Bruxism typically follows transient arousals, too brief to recall, and happens while the person is drifting back into a sounder sleep. Anything that can make a person more arousable can aggravate it such as:
- Nasal congestion, from allergies, upper respiratory infections, “sinus trouble”, etc.
- Sleep apnea — when the patient arouses repeatedly from inability to breathe.
- Caffeine, stimulants, decongestants, diet pills and other medications that fragment sleep.
- Stress, as well as a tense, hard-driving personality style. Some individuals with bruxism have a history of anxiety attacks.
Other sleep disorders that provoke repeated arousals, including seizures, can increase bruxism.
Chronic bruxism may gradually damage the teeth and temporomandibular joints (“TM joints”, “jaw joints”) accelerating dental occlusion abnormalities (tooth and jaw misalignment) which in turn may increase bruxism.

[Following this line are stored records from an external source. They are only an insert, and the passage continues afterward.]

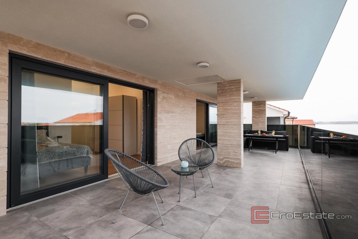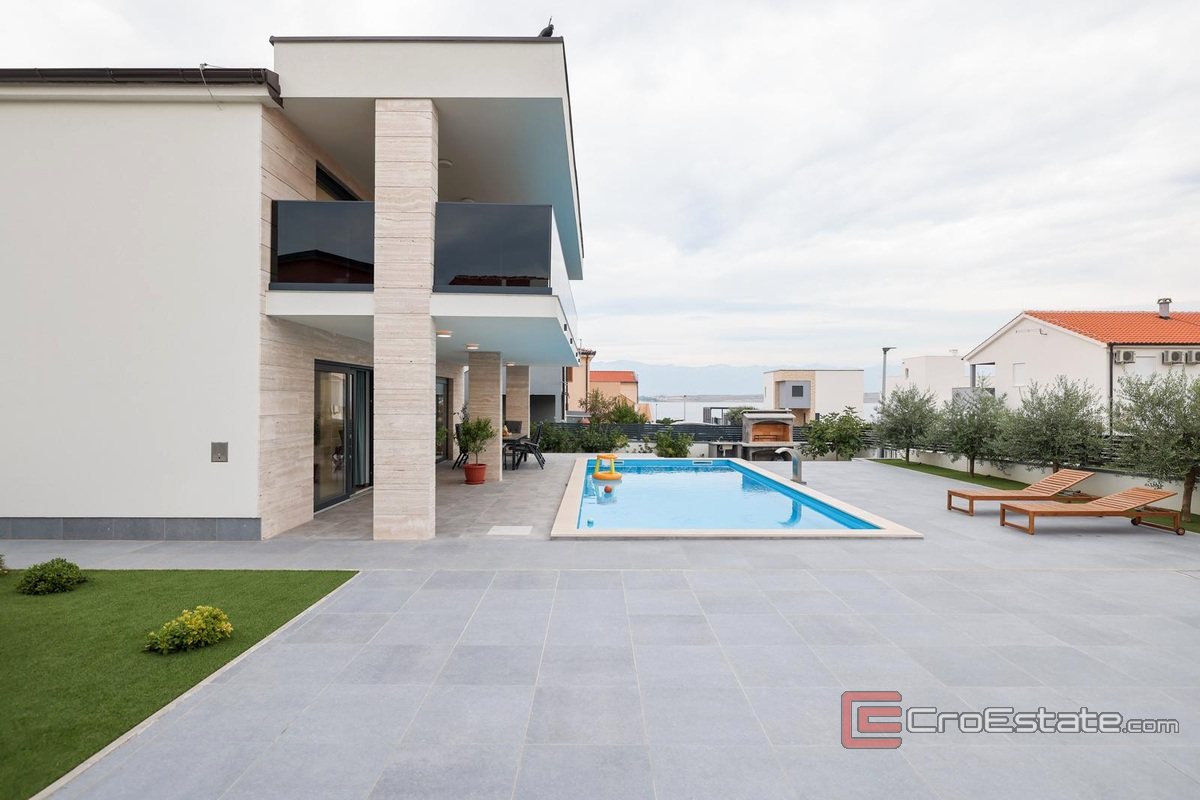 Une nouvelle maison individuelle au design moderne dans une baie de l'île de Vir. La maison d'une surface habitable totale de 220 m2 est située sur un terrain de 533 m2 dans un endroit plus petit, ce qui procure donc la tranquillité.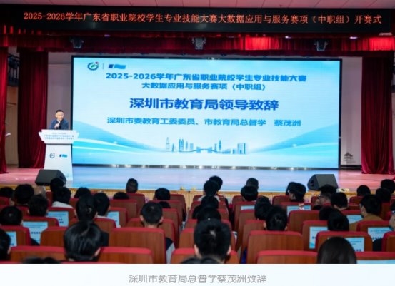 开幕式上,深圳市教育局总督学蔡茂洲指出:“我们正处在人工智能深刻重塑生产生活方式的时代,未来的技能人才要走在时代前列,需要具备与智能时代相匹配的综合素养。”他表示,本次大赛的举办,不仅是广东省职业院校大数据专业教学成果的一次集中检阅,更是培育高素质技术技能人才、赋能区域数字经济高质量发展的重要举措。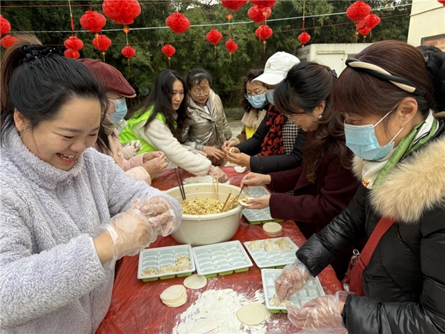 随后,包饺子活动将现场气氛推向高潮。社区工作人员、志愿者和居民代表齐聚一堂,分工协作,和面、擀皮、包馅,大家边包饺子边拉家常。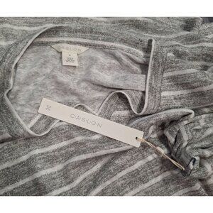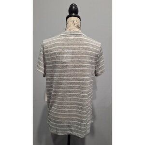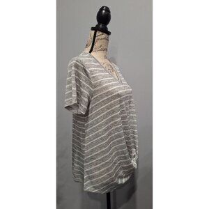 NEW Caslon V-Neck Gray & White Striped Knot-Front Tee/Sz., M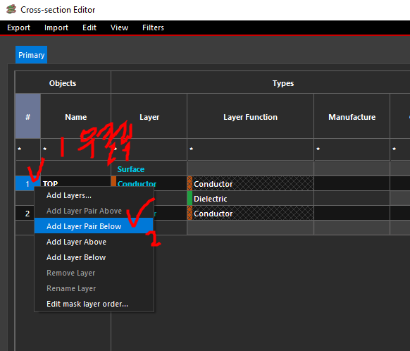 Add Layer Pair Above : 위칸으로 1개의 layer 추가 (conductor 레이어)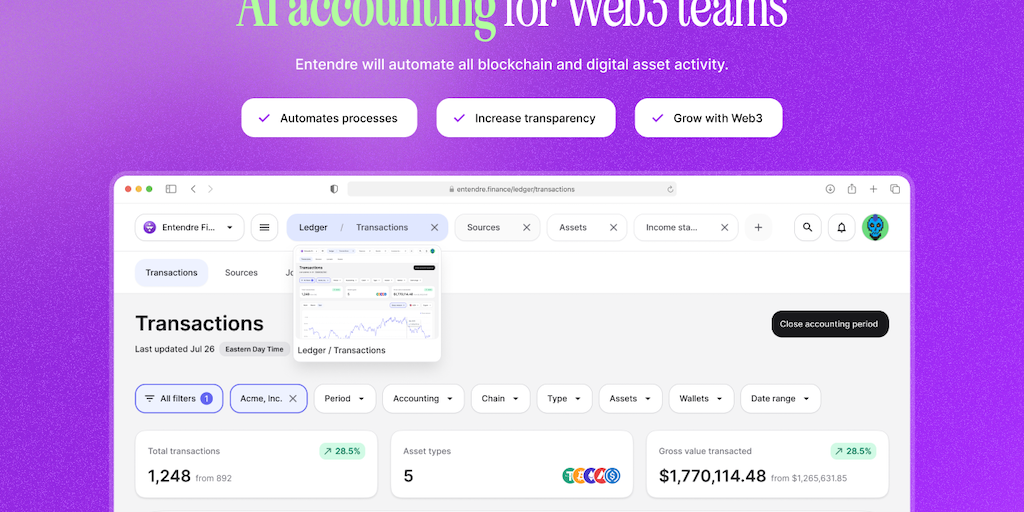 Entendre Finance - Accounting AI for Web3 teams | Product Hunt
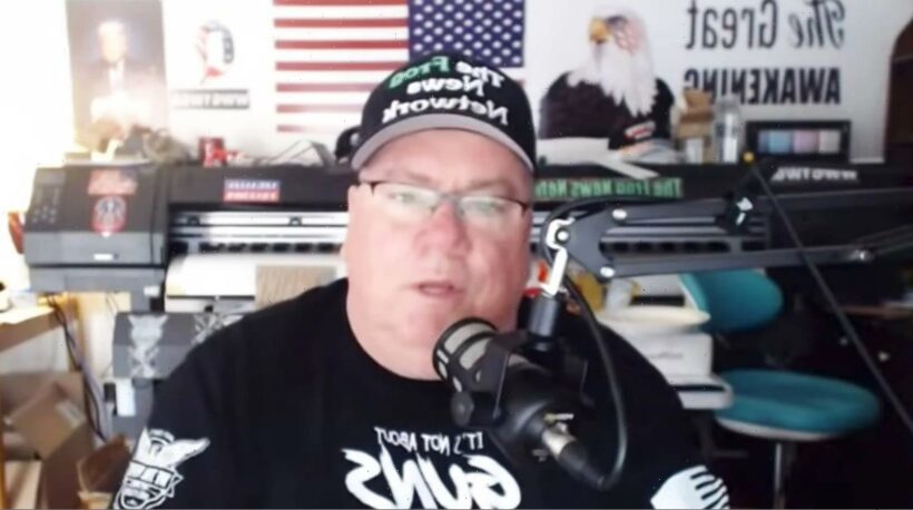He showed support for QAnon, with posters seen in the background of his studio that had well-known phrases attached to the group.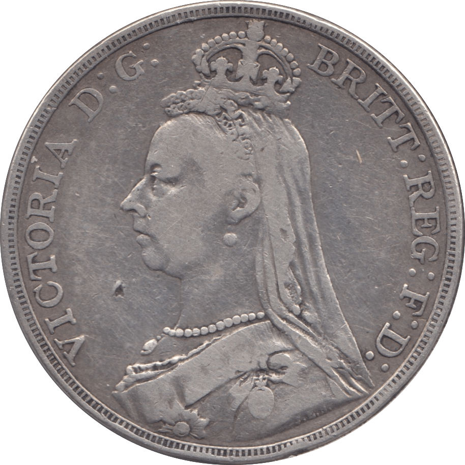The 1891 Crown features Queen Victoria’s portrait on the obverse, marking the later years of her reign. This silver coin, graded as Fine (F), displays noticeable wear throughout the design, including on the monarch’s features and the details of the crown.
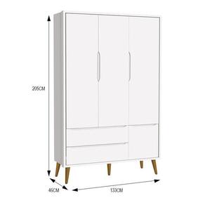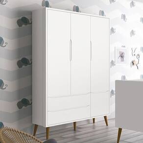 Guarda Roupa Infantil 3 Portas Theo Retrô Branco Fosco Com Pés Amadeirado - Reller Móveis Branco Fosco - Blush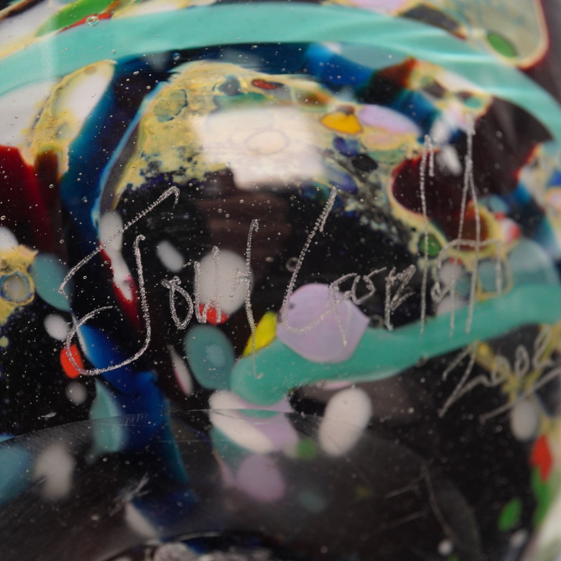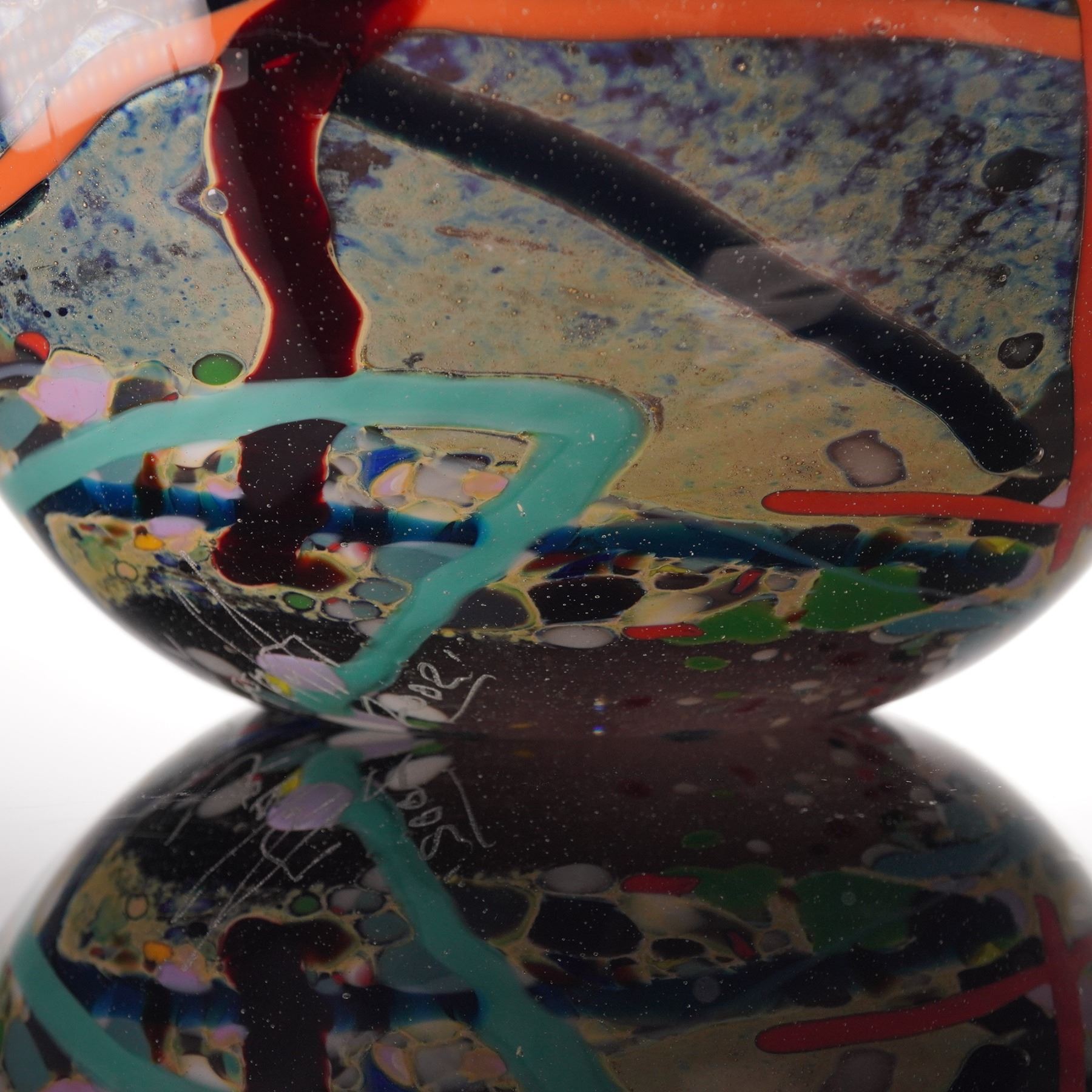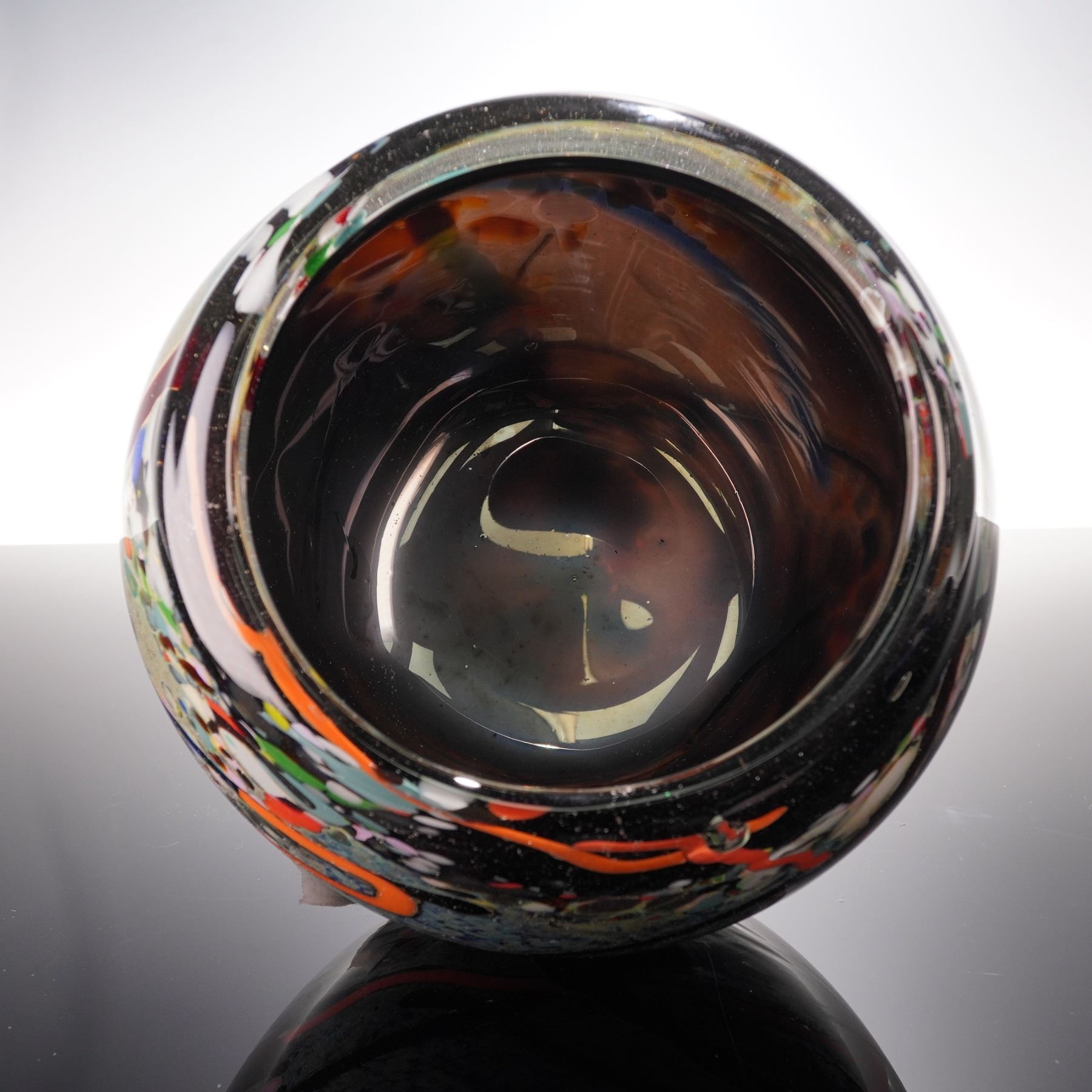 This striking art glass bowl is signed by artist John Gerletti and dated 2002. The piece showcases a dynamic and abstract design with vibrant millefiori elements, featuring an intricate mix of colors including red, green, blue, and orange. The colorful inclusions create a unique visual experience, enhanced by the bold contrast against the dark background of the glass. This bowl, with its modern art appeal, is a standout piece that will add a bold statement to any collection.

Symptoms vary. Some people have none at all, and their problem is recognized first by someone else (either a dentist or bed partner who finds the grinding noises objectionable). However, other patients experience pain in the face or TM joints, more generalized headaches, restless sleep or biting of the tongue or inside of the cheek.
Treatment must be tailored to the patient. Underlying sleep disorders should be evaluated by a sleep medicine specialist, and dental occlusive problems should be assessed by a dental practitioner who may prescribe a “bite plate” to protect the teeth from further wear. Avoidance of aggravating factors that may increase arousals and hence, bruxism, should be avoided. Good relaxation/ stress management training proves invaluable in many cases.